# Nice review BRP SC18V2M !!!!



## BudBartos (Jan 1, 1970)

Here is a nice blog on the SC18V2M check it out :thumbsup:

http://beaturacing.blogspot.com/2010/02/brp-118th-rc-pan-car-old-skool-is-new.html


----------



## Donald Deutsch (Sep 29, 2001)

That was neat, how much did you have to pay him. JUST KIDDING, the man is right. Anybody who runs one knows they are great fun.


----------



## Magz02 (Sep 28, 2008)

Very cool!!

And like the rest of us...... he is actually enjoying it and going fast ALL while leaving the wallet alone!!!

The only thing he forgot to mention was the fact of the sale doesn't end at shipment!!
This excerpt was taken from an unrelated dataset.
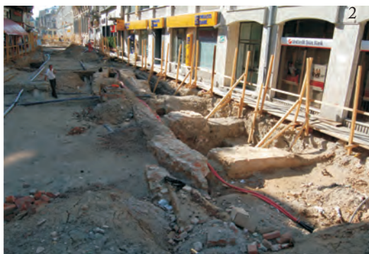
Fig. 3. Vederi generale (1 - vedere de la E la V; 2 - vedere de la NV la SE).

Got a problem with your kit.. Bud will straighten you out in a hurry!!

ALWAYS HAS!!:thumbsup:


----------



## BudBartos (Jan 1, 1970)

Donald Deutsch said:


> That was neat, how much did you have to pay him. JUST KIDDING, the man is right. Anybody who runs one knows they are great fun.


He bought it off the web site :thumbsup:


----------



## ecoastrc (Mar 25, 2007)

Sweeeeet!!!!!!!!!!!


----------